The HI-STR prototype is a deterministic alternative to the SIR prototype. In principle, it has two advantages over the more mature deterministic compartment models – it incorporates the population size and density in the model, and it acknowledges and includes the impact of social behaviour. The latter is controversial, but it should be noted that the HI-STR has the flexibility to include social behaviour. It may be that physical interaction across regions and cultures is sufficiently similar (from an infectious disease perspective), so that this variable can be treated as a constant. In the latter case, the HI-STR derives a population size- and density-dependent universal scaling law for \(\mathcal{R}_{0}\).

Projection allows region-specific planning and pre-emptive resource allocation.

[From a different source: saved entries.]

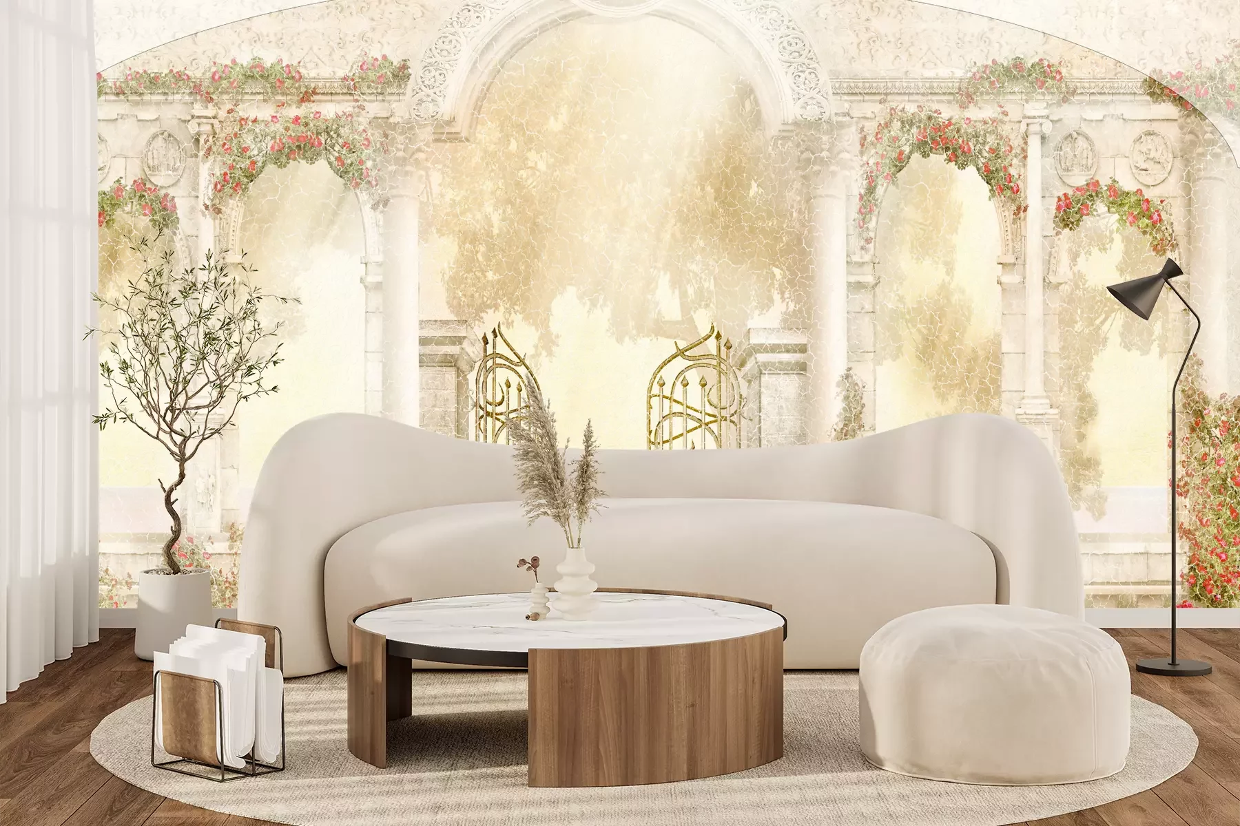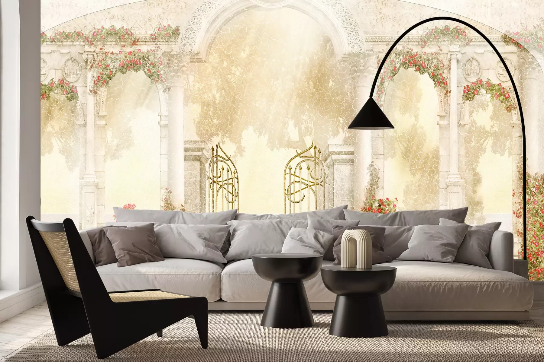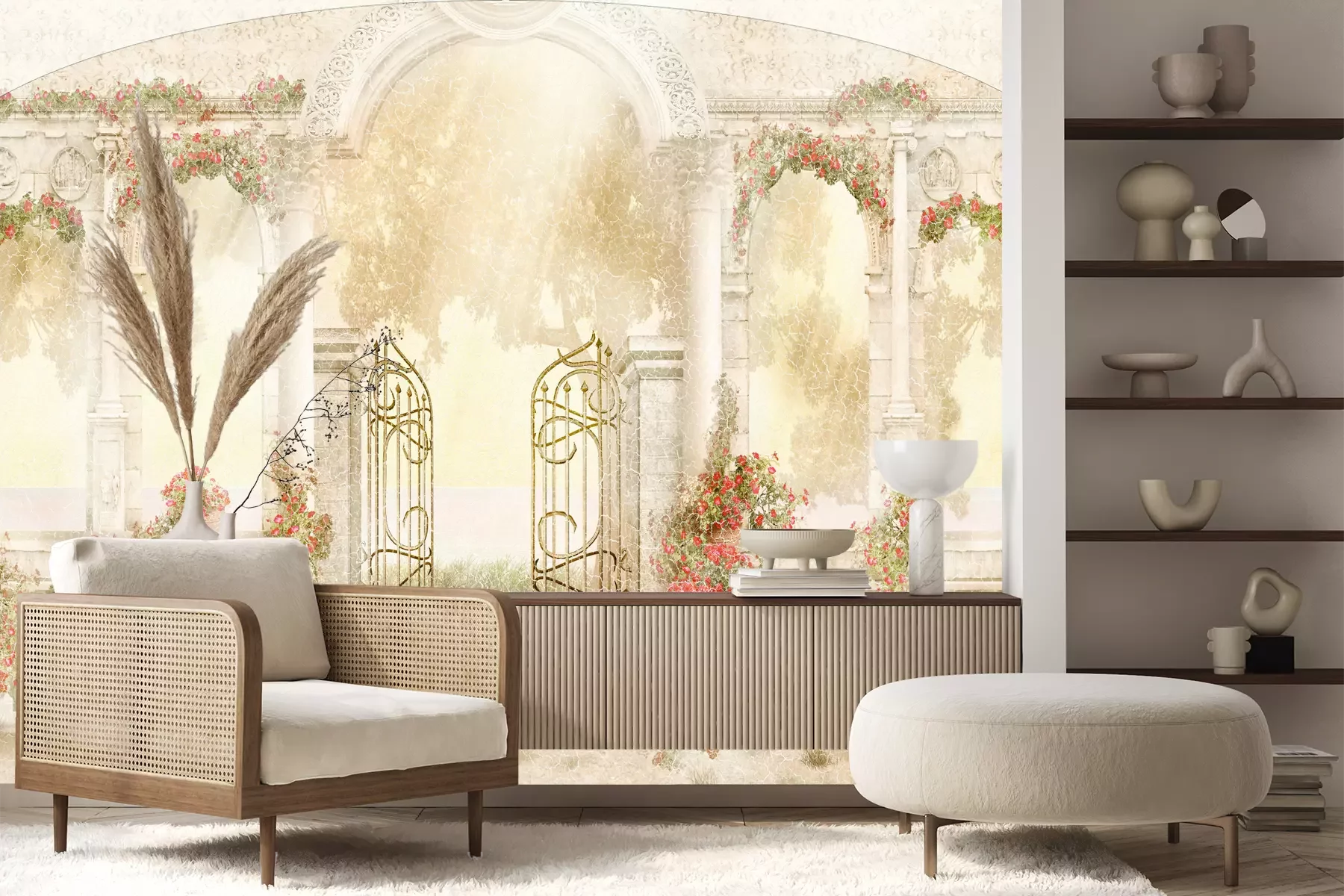 Het materiaal Premium+ is een gestructureerd vinyl op vlies met een gewicht van 255 g/m², dat kleine oneffenheden in de muur effectief camoufleert. De subtiele structuur van fijn zand geeft het oppervlak een exclusieve uitstraling, terwijl de halfmatte afwerking de diepte van de kleuren benadrukt. Het materiaal is dampdoorlatend, waardoor het ook in de keuken en badkamer kan worden gebruikt. De maximale breedte van één baan bedraagt 100 cm – bij grotere afmetingen wordt het fotobehang in meerdere gelijke banen verdeeld. De lijm wordt direct op de muur aangebracht en het behang wordt rand-aan-rand geplakt, wat zorgt voor een esthetisch resultaat zonder zichtbare naden. Het oppervlak kan gemakkelijk worden schoongemaakt door het voorzichtig af te nemen met een vochtige doek.
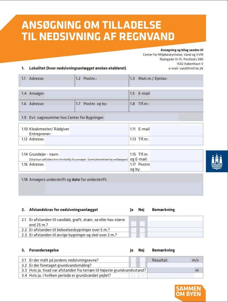 Du kan søge om nedsivningstilladelse og udledningstilladelse på kommunens hjemmeside KK.DK/LAR.
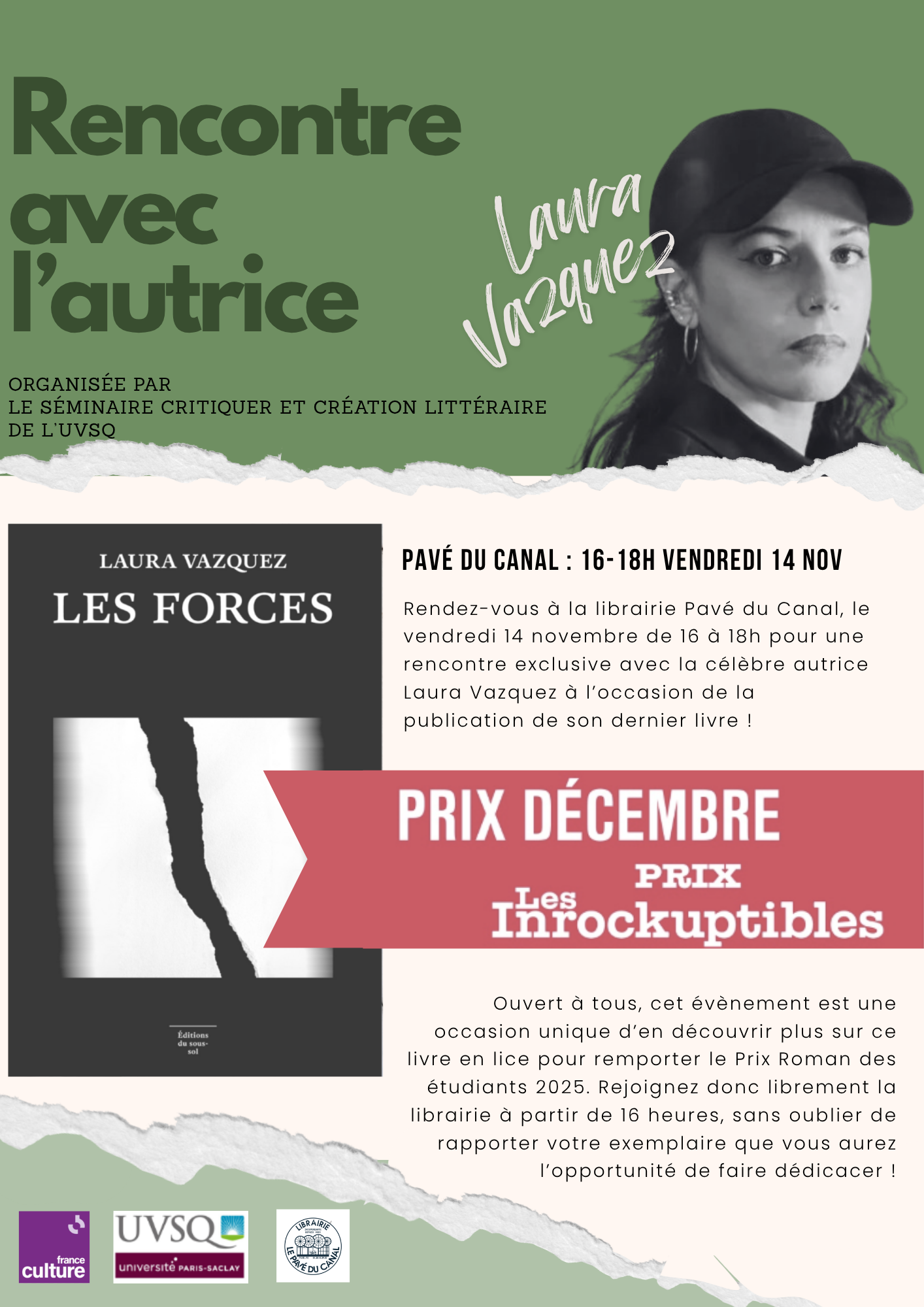 Les étudiant·es du master RCL de l'IECI ont le plaisir d'organiser une rencontre avec l’autrice Laura Vazquez, autour de son roman Les Forces.
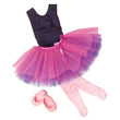 This lovely ballet outfit for 18-inch dolls works for all kinds of dance, and can even be mixed and matched with other outfits for an endless collection of pretty doll clothes. Start with the pale-pink tights and ballet flats, then layer the black ballet leotard over top. Finish off your beautiful ballet look with the tulle tutu skirt. It has a rainbow of pink, purple, and blue layers and a sweet bow on the waistband. Your dolls will be ready to arabesque all day!
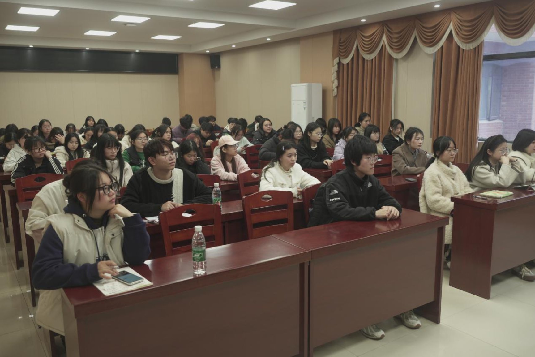 肖特强向同学们阐述了教育技术学专业广泛的应用前景。他表示,在求职过程中,同学们应综合考量兴趣、专长、地域等方面因素。大学生若想培养自身综合素质、展现独特风采,需具备积极求索的精神、勤奋的态度、强烈的责任心以及出色的学习能力。同时,他从创业、工作、考研三个维度,为在场学生提供了许多宝贵建议。

This region-specific \(\mathcal{R}_{0}\) provides a baseline to compare interventions. This paper demonstrates that the HI-STR model can project the UK’s ancestral SARS-CoV2’s \(\widehat{\mathcal{R}}_{0}\) and the SARS-CoV2 Delta variant’s \(\widehat{\mathcal{R}}_{0}\) onto the states of the USA. Applicability in other anglophone and non-anglophone regions remains to be demonstrated.

The long-term success of an intervention depends both on the policy [271, 272] and implementation [273, 274]. Policies and strategies can only be evaluated retrospectively [275278] because of unforeseen long-term risks [279283], low-probability high-impact events [284287] and unintended consequences [288294]. Nevertheless, projection provides timeous local baselines for the comparison of the implementation of similar policies across SIPs with SSSB.

The HI-STR model, like other ODE compartment models, does not predict COVID-19’s waves. COVID-19 has demonstrated that some of these waves may be due to new variants outcompeting incumbents [30]. Although the HI-STR model does not incorporate pathogen evolution and random events like VOCs, here (for the SARS-CoV2 Delta variant) it has been demonstrated that an impact of such a random event can still be projected timeously.